It's not just that the companies' revenue numbers are slowing with orders being pushed out, but the safety blanket of ready capital is gone, and the vendors must survive a profitability 'sanity check' for the duration of the capital market slowdown. And that becomes even harder with other factors at play, specifically:
Trust. The days of established companies trusting the viability of small security startups are gone. Most enterprises are asking startups for audited financials to demonstrate their viability, because they want to know their vendors will be around for a year or two. Most start-ups' quarterly numbers hinge on landing enterprise clients, with focused sale and development efforts to land larger clients. Startup firms don't keep 24 months of cash lying around as it is considered wasteful in the eyes of the venture firms that back them, and they need to use their money to execute on the business plan. As most startups have financials that make public company CFOs gasp for breath, this is not a happy development for their sales teams or their VCs alike.
Breadth of function. Enterprises are looking to solve business problems, and those business problems are not defined as database security issues. Enterprises customers have trended towards purchase of suites that provide breadth of functions, which can be mixed and matched as needed for security and compliance. The individual functions may not be best of breed, but the customer tends to get pieces that are good enough, and at a better price. Database security offers a lot of value, but if the market driver is compliance, most of vendors offer too small a piece to assure compliance themselves.
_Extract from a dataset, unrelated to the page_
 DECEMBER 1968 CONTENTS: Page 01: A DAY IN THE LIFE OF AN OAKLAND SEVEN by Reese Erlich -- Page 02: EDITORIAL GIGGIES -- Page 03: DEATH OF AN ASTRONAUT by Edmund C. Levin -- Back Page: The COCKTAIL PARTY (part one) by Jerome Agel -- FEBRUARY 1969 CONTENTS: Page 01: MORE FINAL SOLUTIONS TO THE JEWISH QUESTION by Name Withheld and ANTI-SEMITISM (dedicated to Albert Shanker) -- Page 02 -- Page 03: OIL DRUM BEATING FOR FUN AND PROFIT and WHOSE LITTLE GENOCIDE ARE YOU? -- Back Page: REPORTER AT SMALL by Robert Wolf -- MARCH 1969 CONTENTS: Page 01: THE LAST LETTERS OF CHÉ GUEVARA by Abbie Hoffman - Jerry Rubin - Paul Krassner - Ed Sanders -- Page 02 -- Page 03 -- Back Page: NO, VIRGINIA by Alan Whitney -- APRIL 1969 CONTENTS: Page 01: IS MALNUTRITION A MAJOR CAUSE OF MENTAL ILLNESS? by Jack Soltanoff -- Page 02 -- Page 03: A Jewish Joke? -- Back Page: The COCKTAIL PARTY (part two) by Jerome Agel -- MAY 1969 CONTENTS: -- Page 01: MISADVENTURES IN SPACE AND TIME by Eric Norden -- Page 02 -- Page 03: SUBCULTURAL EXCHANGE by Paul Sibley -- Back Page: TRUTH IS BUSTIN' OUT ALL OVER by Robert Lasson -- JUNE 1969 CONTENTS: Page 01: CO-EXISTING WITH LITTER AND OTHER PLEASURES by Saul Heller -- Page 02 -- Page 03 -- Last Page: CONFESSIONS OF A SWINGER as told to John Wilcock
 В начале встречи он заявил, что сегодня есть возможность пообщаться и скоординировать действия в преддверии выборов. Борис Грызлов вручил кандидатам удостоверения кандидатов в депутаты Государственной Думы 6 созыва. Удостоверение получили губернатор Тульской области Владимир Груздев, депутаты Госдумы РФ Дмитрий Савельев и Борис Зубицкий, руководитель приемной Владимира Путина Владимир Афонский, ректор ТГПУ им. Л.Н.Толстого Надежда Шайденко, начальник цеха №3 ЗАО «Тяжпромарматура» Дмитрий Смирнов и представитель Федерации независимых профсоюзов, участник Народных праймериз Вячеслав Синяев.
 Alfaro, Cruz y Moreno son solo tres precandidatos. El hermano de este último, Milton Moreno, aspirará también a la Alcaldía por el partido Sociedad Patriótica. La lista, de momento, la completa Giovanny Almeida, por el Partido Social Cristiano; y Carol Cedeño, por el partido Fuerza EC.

Too many choices. I do this every day, and have been for almost 5 years. It is difficult to keep up with all the vendors- much less the changes to their offerings and how they work- and get an idea of how customers perceive these products. Someone who is looking at securing their databases, or seeking alternative IT controls, will be bombarded with claims and offerings from a myriad of vendors offering slightly different ways of solving the same security problems. For example, since 2004 (or their more recent inception) I have been tracking these companies on a regular basis:
Application Security Inc.
Lumigent
Imperva
Guardium
Tizor
Secu
o
Sentrigo
NGS
Embarcadero (Ambeo)
Symantec
Quest
IPLocks
And to a much lesser extent:
Phulaxis
Idera
DBi (Database Brothers)
Nitro Security (RippleTech)
SoftTree Technologies
Chakra (Korea)
Performance Insight (Japan)
For DB security product vendors, there are just too many for a $70-80M market subsegment, with too large a percentage of the revenue siphoned off by ancillary technologies.
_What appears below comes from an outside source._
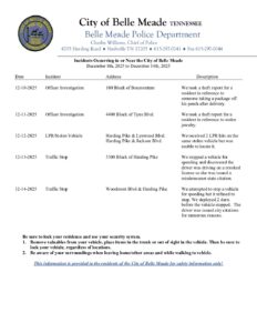 Belle Meade Incidents December 8th 2025 to December 14th 2025 Toni Tomlin | Monday, December 29th, 2025 |
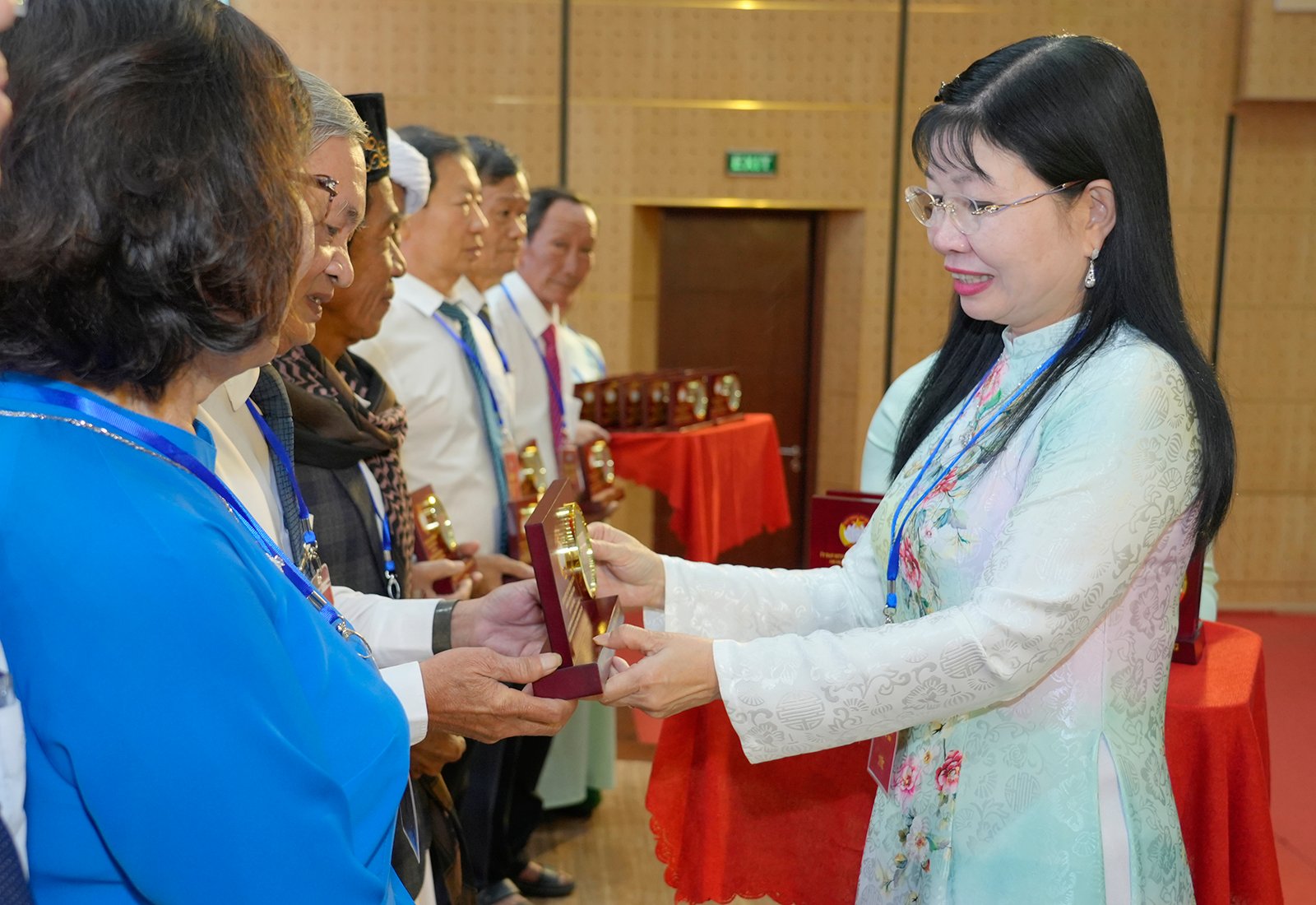 Kamrat Tran Thi Thanh Huong överlämnade gåvor för att tacka de medlemmar som inte fortsatte att delta i provinsens Vietnams fosterlandsfrontkommitté, mandatperiod I, 2025-2030.

Granted, this is just my list, which I used to track for new development; and granted, some of these firms do not make the majority of their revenue through sales of database security products. But keep in mind there are a dozen or so IDS/SIM vendors that have dabbled in database security, as well as the database vendors' log analysis products such as Oracle's Audit Vault and IBM's AME, further diluting the pool. There have been services companies and policy management companies who all have claimed to secure the database to one extent or another. Log file analytics, activity monitoring, assessment, penetration tests, transactional monitoring, encryption, access control, and various other nifty offerings are popping up all the time. In fact we have seen dozens of companies who jump into the space as an opportunistic sortie, and leave quickly once they realize revenue and growth are short of expectations. But when you boil it down, there are too many vendors with too little differentiation, lacking implicit recognition by customers that they solve compliance issues.
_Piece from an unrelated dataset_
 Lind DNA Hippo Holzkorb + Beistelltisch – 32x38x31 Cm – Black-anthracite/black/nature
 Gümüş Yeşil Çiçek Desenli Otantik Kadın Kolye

Database security has never been its own market. On the positive side it has been a growing segment since 2002, and has kept pace almost dollar for dollar with the DLP market, just lagging about a year behind. But the evolutionary cycle coincides with a very nasty economic downturn , which will be long enough that venture investment will probably not be available to bail out those who cannot maintain profitability. Those who earn most of their revenue from other products or services may be immune, but DB security vendors who are not yet profitable are candidates for acquisition under semi-controlled circumstances, fire sales, or bankruptcy, depending upon how and when they act.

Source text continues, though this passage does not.